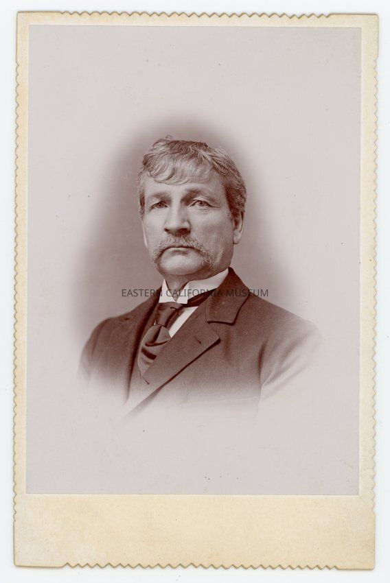 Mounted bust-length studio portrait of an unidentified man. The edges of the mount are scalloped.
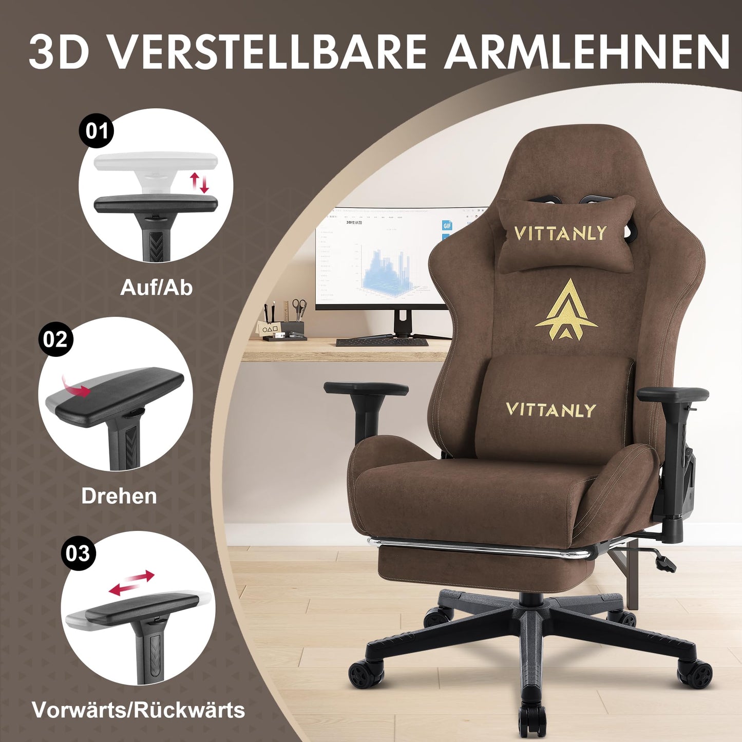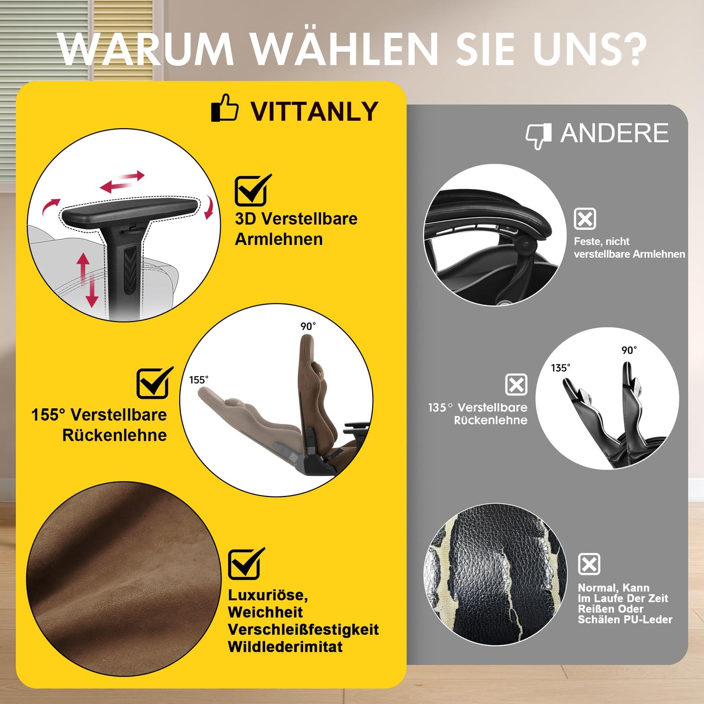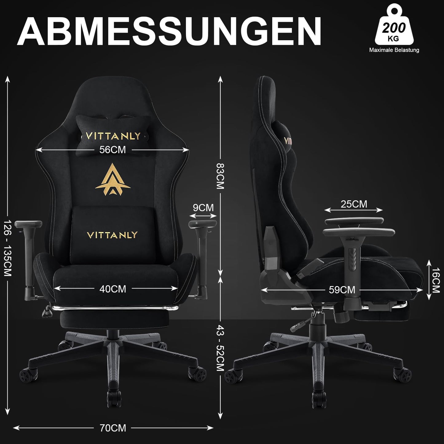 - 【Ausgezeichnetes Material】Der VITTANLY Gaming-Stuhl ist aus hochwertigem Wildlederimitat gefertigt, dem Innenraumgewebe von Luxusautos sehr nahe kommt. Das Material ist strapazierfähig und verschleißfest, weich und bequem. Im Vergleich zu Leder ist es atmungsaktiver, was Sie im Winter warm hält und im Sommer das Schwitzen minimiert. Zusammen mit dem 10 cm dicken Sitzkissen aus hochdichtem Schaumstoff sorgt dies für ein komfortables Erlebnis, perfekt für stundenlanges Spielen und Arbeiten.
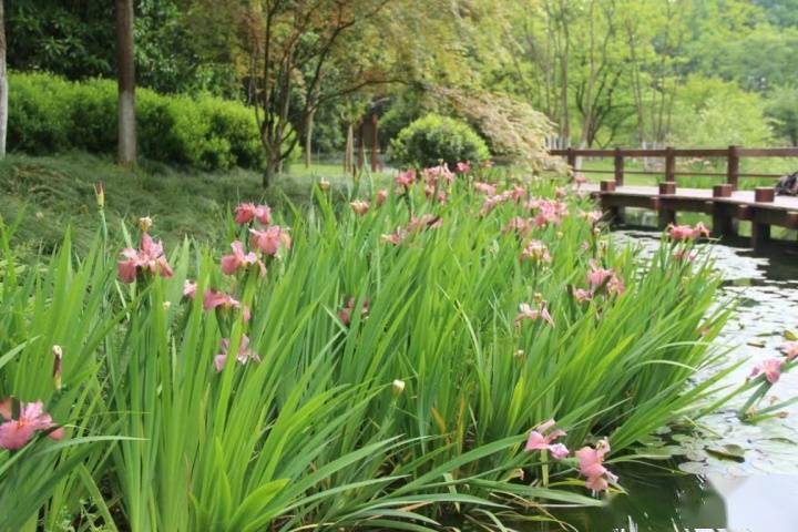 为做好长桥溪的整体环境品质提升,丰富长桥溪的水湿生植物种类,尤其是常绿水湿生植物的应用,凤凰山管理处与杭州植物园合作研究《湿生鸢尾在杭州西湖景区的示范推广应用》,这些“新优特”鸢尾于去年冬天“安家”长桥溪。今年,是他们的第一次“集体亮相”。
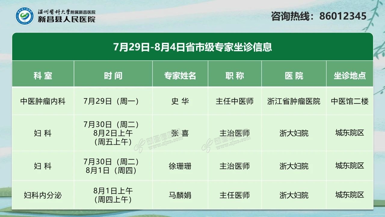 省市级专家坐诊信息 来源:新昌人医
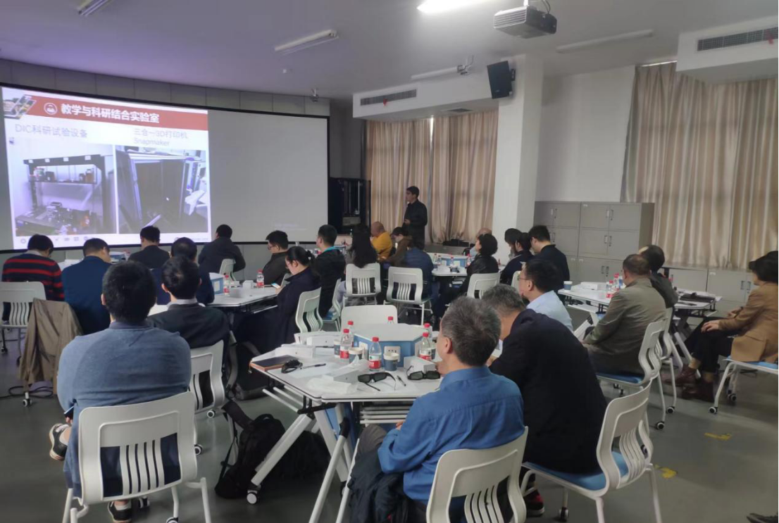 首先,示范中心进行了3D虚仿实验演示,让老师们体验了3D虚仿实验的沉浸式视觉效果,同时向大家介绍了示范中心虚拟仿真实验的建设历程和建设成果。示范中心目前开发了10余个虚仿实验;其中,2个实验获批湖南省省级虚拟仿真实验项目,3个实验上线“高等学校机械工程学科虚拟仿真实验共享平台”,得到了数十所高校的使用,共享效果良好。然后,示范中心各实验室负责人做了工作汇报,介绍了近几年示范中心以及各实验室的发展建设情况和未来几年的建设规划。
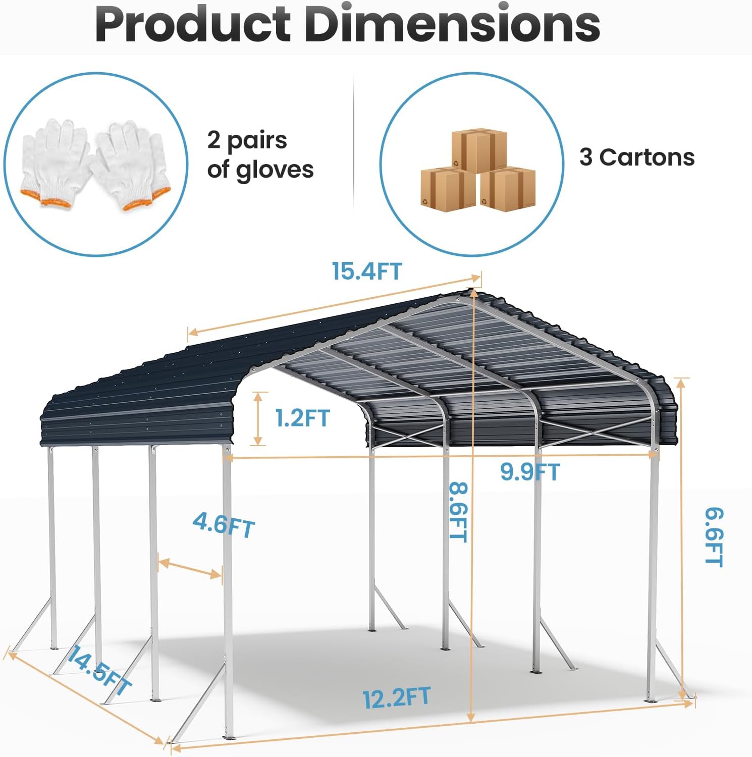 10x15 Ft Carport, Heavy Duty Metal Car Port, All-Weather Protection, Easy Assembly for Cars, Trucks, Boats, Tractors, and Outdoor Storage
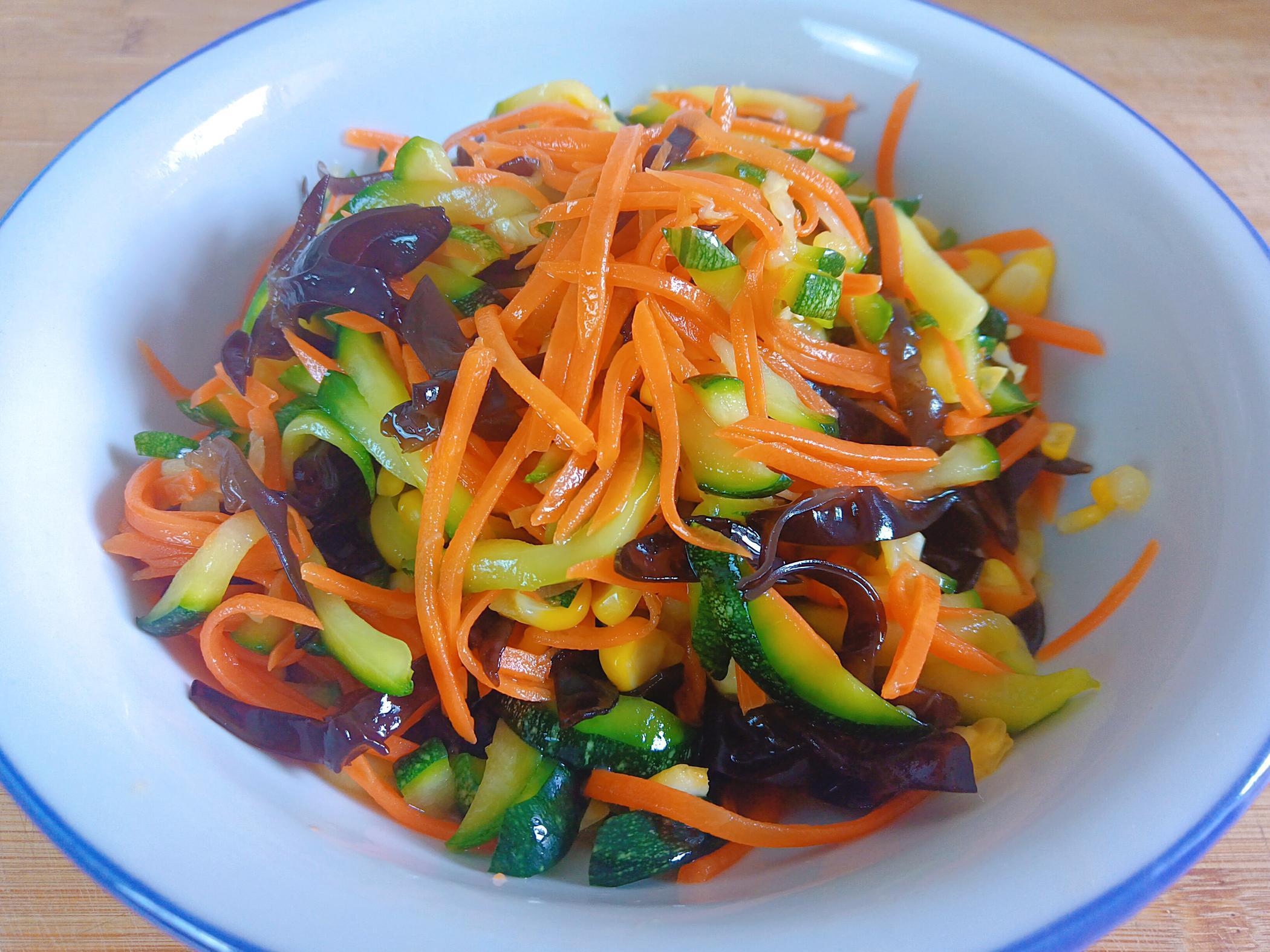 4、這時候西葫蘆絲也差不多醃製好了,醃出了很好的水分,我們在用清水洗掉多餘的鹽分,這個時候的西葫蘆絲很有韌性,變軟了也變少了;

══════

Your assignment ▸
Beginning with the line that includes "省市级专家坐诊信息 来源:新昌人医" and ending with the last line of the material, reproduce those lines exactly and nothing else, with no pictures.

Task solution ▸
 省市级专家坐诊信息 来源:新昌人医
 首先,示范中心进行了3D虚仿实验演示,让老师们体验了3D虚仿实验的沉浸式视觉效果,同时向大家介绍了示范中心虚拟仿真实验的建设历程和建设成果。示范中心目前开发了10余个虚仿实验;其中,2个实验获批湖南省省级虚拟仿真实验项目,3个实验上线“高等学校机械工程学科虚拟仿真实验共享平台”,得到了数十所高校的使用,共享效果良好。然后,示范中心各实验室负责人做了工作汇报,介绍了近几年示范中心以及各实验室的发展建设情况和未来几年的建设规划。
 10x15 Ft Carport, Heavy Duty Metal Car Port, All-Weather Protection, Easy Assembly for Cars, Trucks, Boats, Tractors, and Outdoor Storage
 4、這時候西葫蘆絲也差不多醃製好了,醃出了很好的水分,我們在用清水洗掉多餘的鹽分,這個時候的西葫蘆絲很有韌性,變軟了也變少了;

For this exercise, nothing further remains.